Another put in to be prince Henry's governor, for having dared to drink his health in the worst of times. A third petitioned for a colonel's commission, for having cursed Oliver Cromwell, the day before his death, on a public bowling-green.

But the most whimsical petition I have met with is that of B. B. Esq. who desired the honour of knighthood, for having cuckolded Sir T. W. a notorious Roundhead.

There is likewise the petition of one who, having let his beard grow from the martyrdom of King Charles the First, until the restoration of King Charles the Second, desired in consideration thereupon to be made a privycounsellor.

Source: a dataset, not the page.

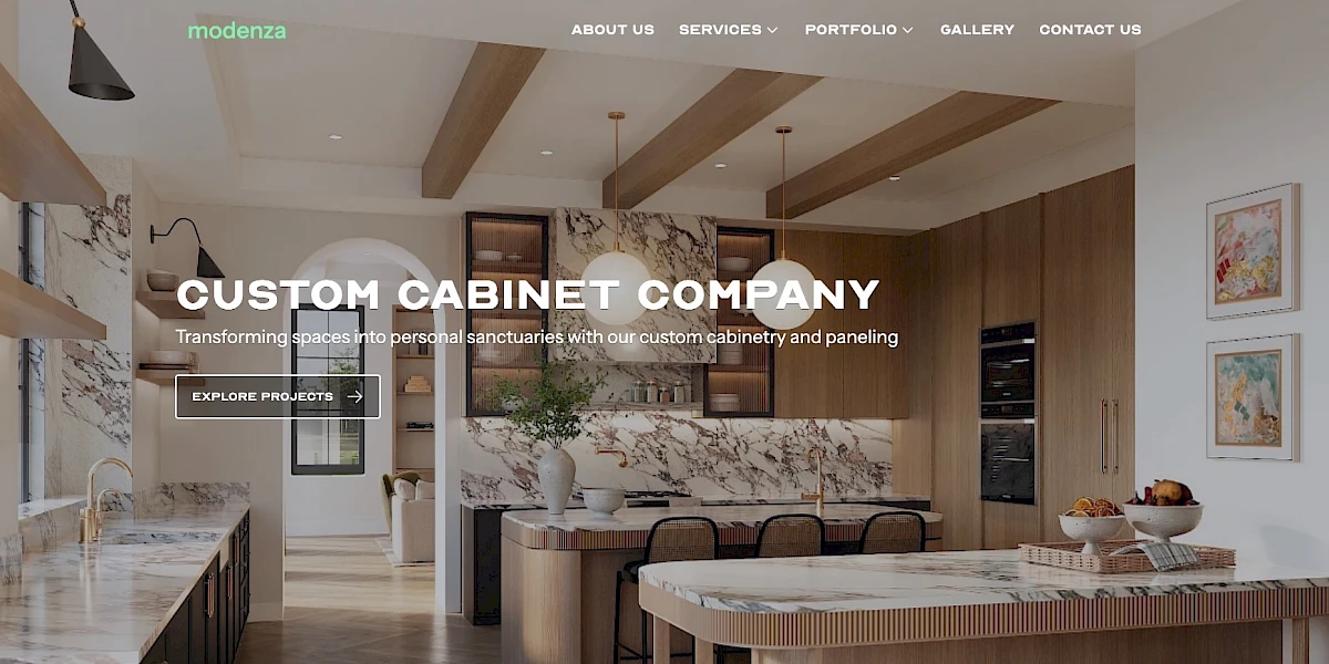 Modenza transforms houses into personal sanctuaries through thoughtful design services including custom-built homes, remodeling, and bespoke cabinetry with premium materials and unique architectural elements. The company follows a transparent, client-focused process that involves customers from start to finish, ensuring each project reflects the client's unique vision, needs, and lifestyle. With projects like the complete remodeling of "Bel Air Retreat," the "New Custom Kitchen" in Burbank Hills, and "Modern Oasis" featuring custom cabinetry throughout the house, Modenza demonstrates exceptional craftsmanship and personalized luxury tailored to each client's taste.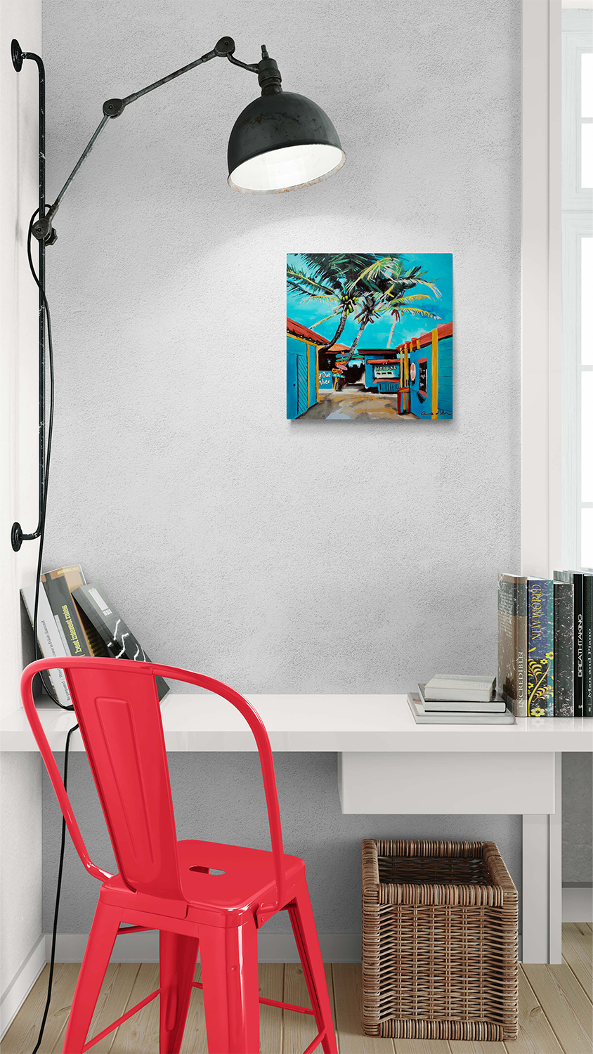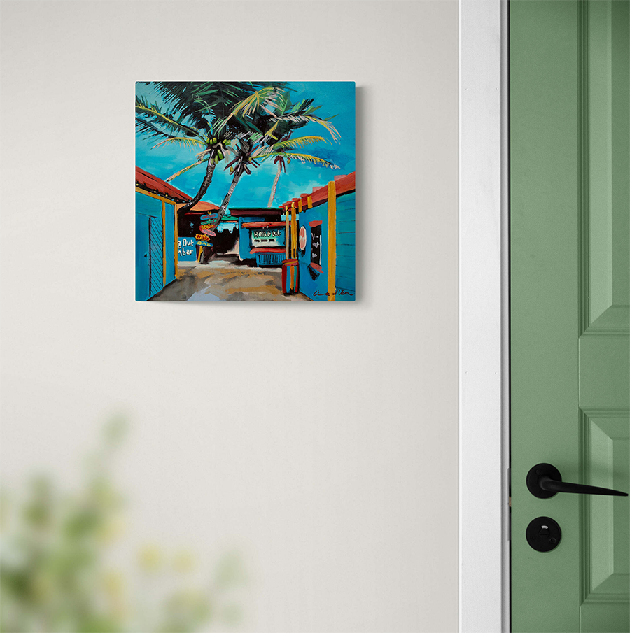 Island life captured on canvas. This evocative painting showcases the charming architecture and vibrant atmosphere of a Caribbean beach town. Filled with colorful details, from the swaying palm trees to the inviting 'Hang Out' bar, this artwork is a perfect tribute to island life, a reminder of warm breezes and sandy toes.

I must not omit a memorial setting forth, that the memorialist had, with great dispatch, carried a letter from a certain Lord to a certain Lord, wherein, as it afterwards appeared, measures were concerted for the restoration, and without which he verily believes that happy revolution had never been effected; who thereupon humbly prays to be made postmaster-general.

A certain gentleman, who seems to write with a great deal of spirit, and uses the words gallantry and gentlemanlike very often in his petition, begs that (in consideration of his having worn his hat for ten years past in the loyal cavalier-cock, to his great danger and detriment) he may be made a captain of the guards.

I shall close my account of this collection of memorials with the copy of one petition at length, which I recommend to my reader as a very valuable piece.

The Petition of E. H. Esq..

HUMBLY SHEWETH,

That your petitioner's father's brother's uncle, colonel W. H. lost the third finger of his left hand at Edgehill fight.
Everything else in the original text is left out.